The phone rang shortly after Ivey was in place. Samuels picked it up nervously and the detective could sense his tension. “Tell me again what you want,” Samuels said, and then he signalled surreptitiously to Ivey to pick up the phone in the back room so he could listen.
“You heard me,” the voice said impatiently. “Put two hundred dollars in a paper sack and leave it at Five Corners between five and seven
P.M.
tomorrow.”
Stalling for time, Ivey asked for more specific directions.
“Damn you!

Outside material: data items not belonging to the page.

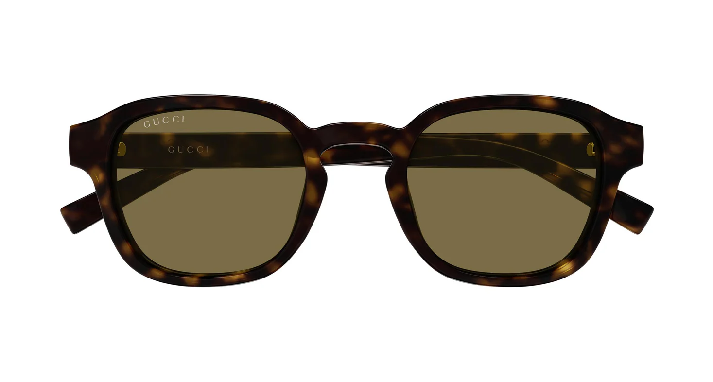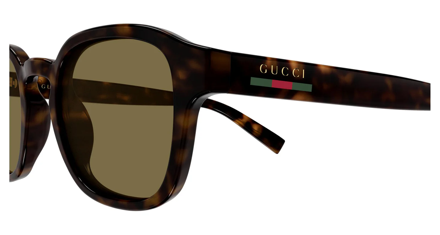 GG2106S, Gucci'nin 1951'den bu yana süregelen Web mirasını oversize maskülen bir formda buluşturur. Havana tortoise bio-enjeksiyon reçine gövde üzerinde şakakta altın "GUCCI" yazısı ve kırmızı-yeşil Web şerit — bu iki detay Gucci'nin atçılık kökenlerinden İtalyan renk paletine uzanan en tanınan arşiv sembollerini tek bir aksanda bir araya getirir.
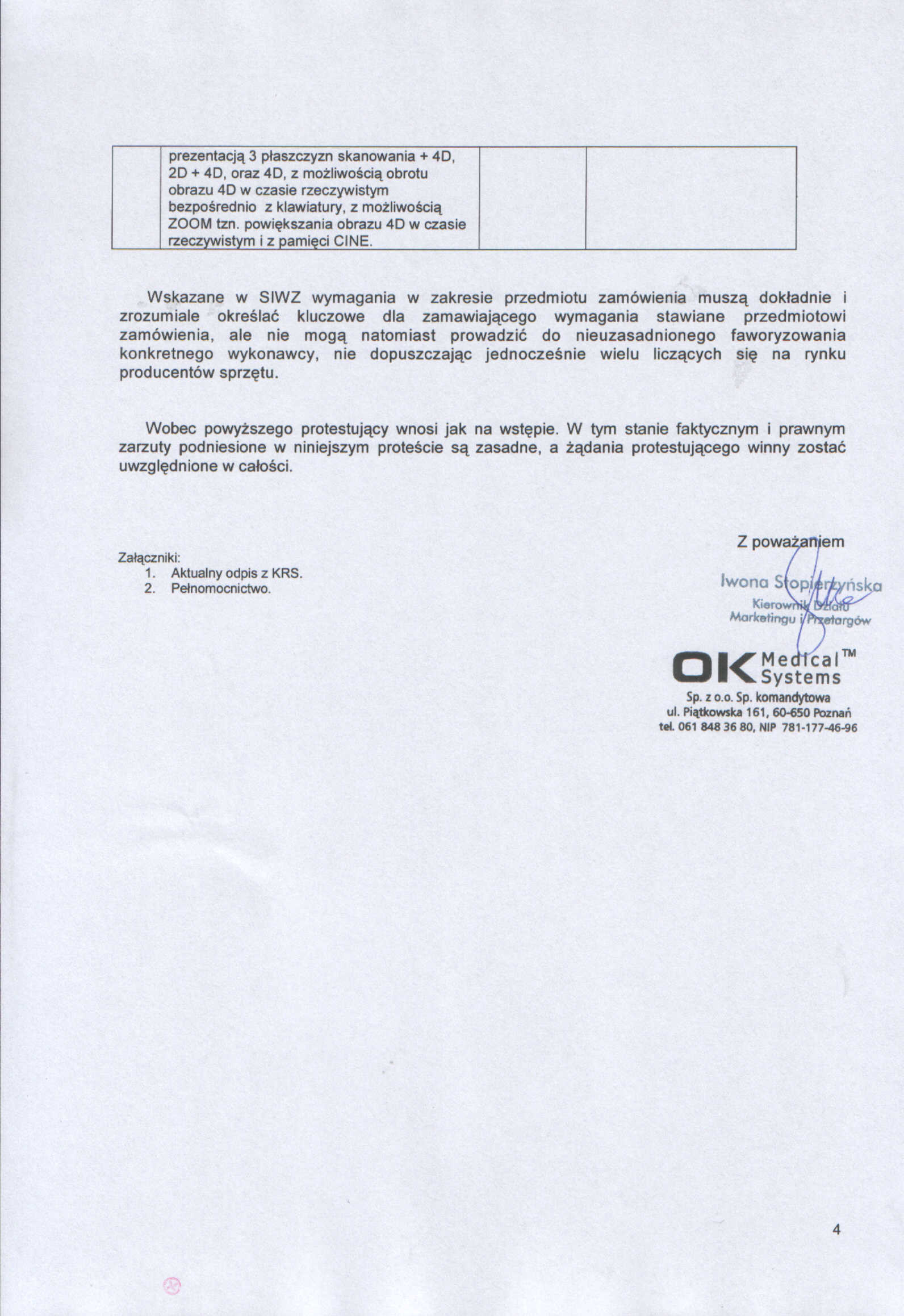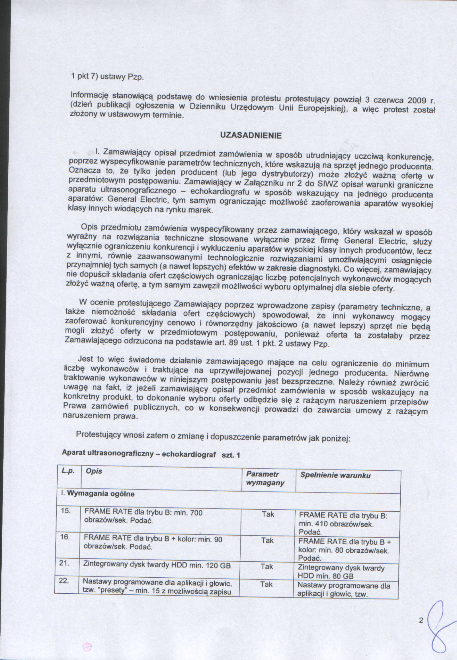 Uzupełnienie do protestu z powodu nie umieszczenia tabelki- parametry wymagane
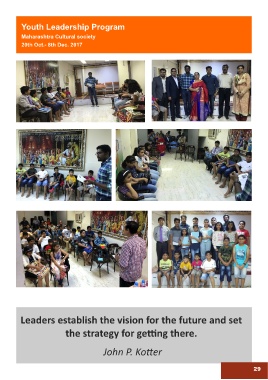 Youth Leadership Program Maharashtra Cultural society 20th Oct.- 8th Dec. 2017 Leaders establish the vision for the future and set the strategy for getting there. John P. Kotter 29
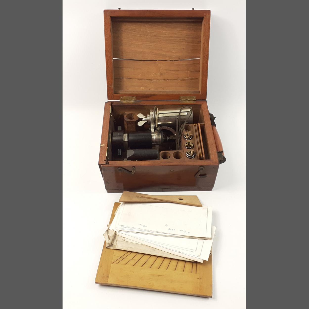 A cased WIND SPEED INDICATOR by TS McINNES in lovely original case which has a crack to the lid
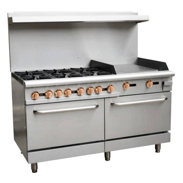 Gas, 60″W, (6) 30,000 BTU open burners, cast iron burners & grates, 24″ griddle, 3/4″ thick griddle plate, (2) standard ovens, thermostatically controlled, insulated oven doors, (2) racks per oven, U-shaped oven burner, backriser with 12″ shelf, stainless steel front/back riser & galvanized sides, (8) adjustable legs, 3/4″ NPT rear gas connection, 282,000 BTU, cETLus, ETL-Sanitation
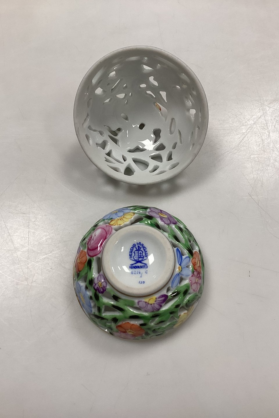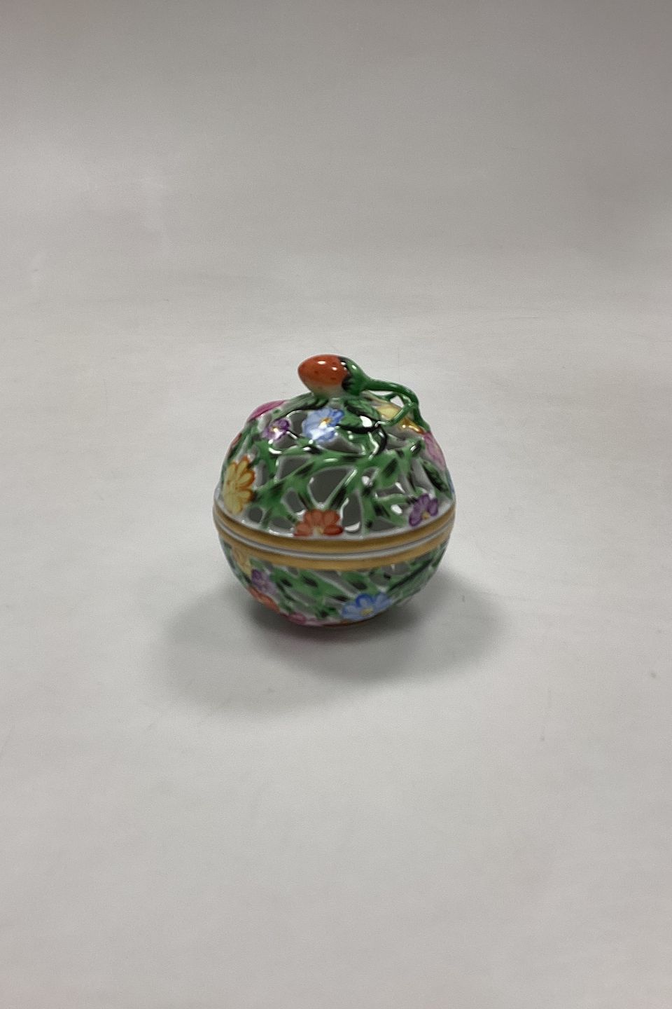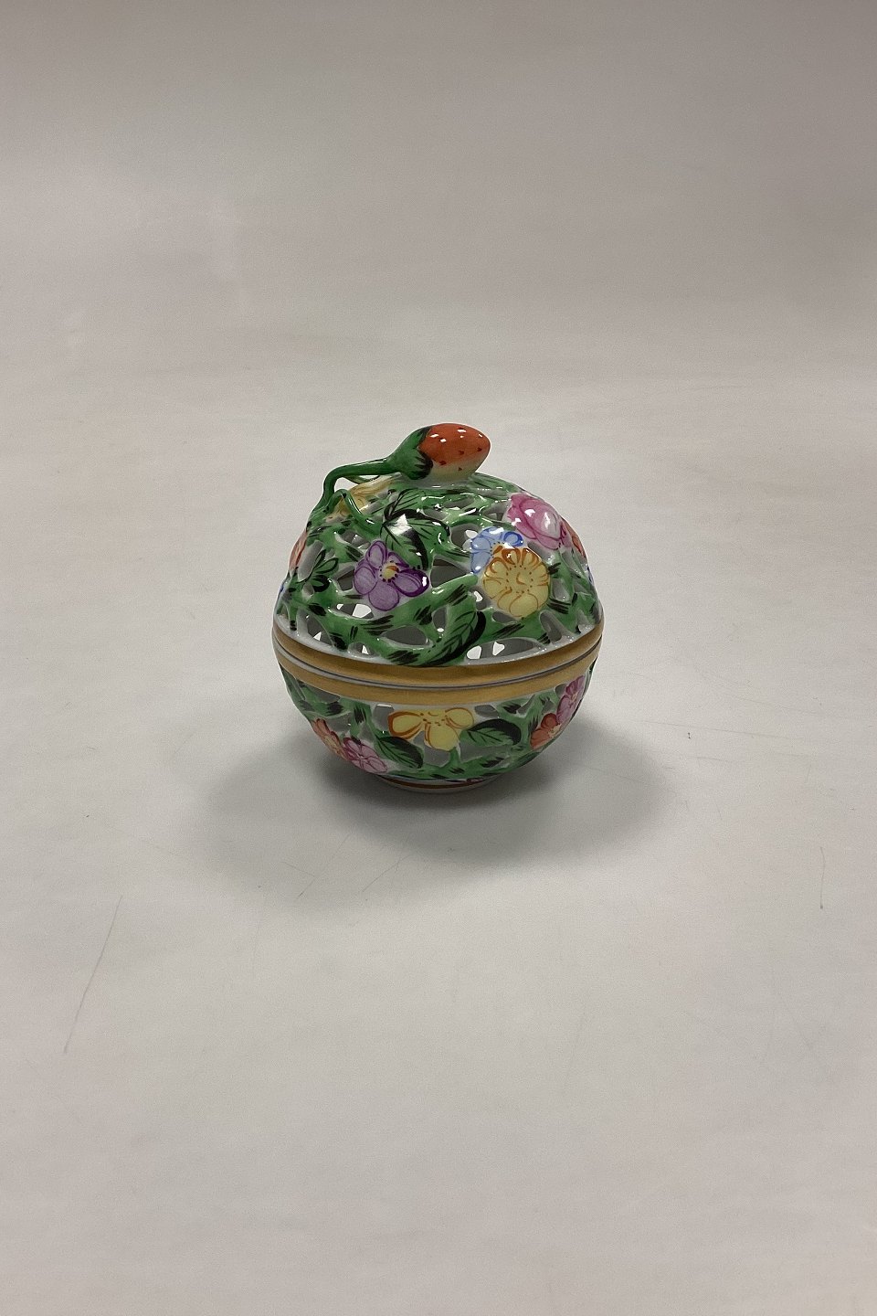 Herend Ungarn Bonbonniere, gennembrudt No. 6214. Multifarvet med blomster.Måler: H 7,7 cm x D 7 cm.
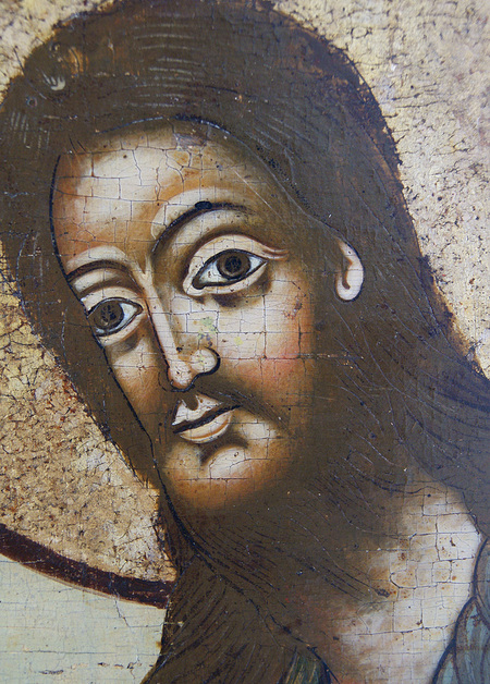 Слева: Спас Нерукотворный. Новгород, ок. 1100 г. Анонимный автор. Третьяковская галерея, Москва. Справа: Икона «Иоанн Предтеча» из деисусного чина. Начало XVIIIв. Русский Север.
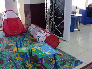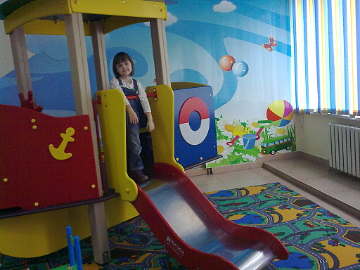 Но самое удивительное, это то, что наши чиновники наконец подумали и о людях, которым по разным причинам приходится привести с собой детей. Понятно, что им в таких заведениях дико скучно и неинтересно, они начинают или шалить или ныть. Так вот наконец, во впасение всех, построили в углу прекрасную детскую площадку, а которой мы и оставили Каринку, пока решали свои дела.
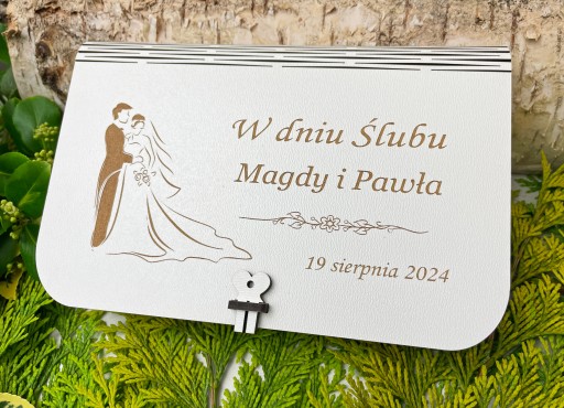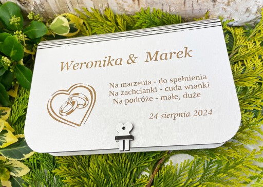 Piękne pudełko z grawerem na pieniądze, zdjęcia, pamiątka ślubna.

You know where it is. It’s at West McGraw and Third West!” The stake-out was working. The caller couldn’t tell Ivey’s voice from Samuels’.
Ivey told the caller to relax; he just wanted to be sure he got everything right, and he didn’t want to chance going to the wrong spot.
“I’m not nervous,” the caller said. “Not like I was when I shot the lady in the store, and I want the money.”
A dummy package with cut-up newspapers between real bills was placed at the designated spot. A dozen officers hid nearby, waiting and watching. They waited until 9:00
P.M.
, but the killer, if indeed he had made the call, never appeared.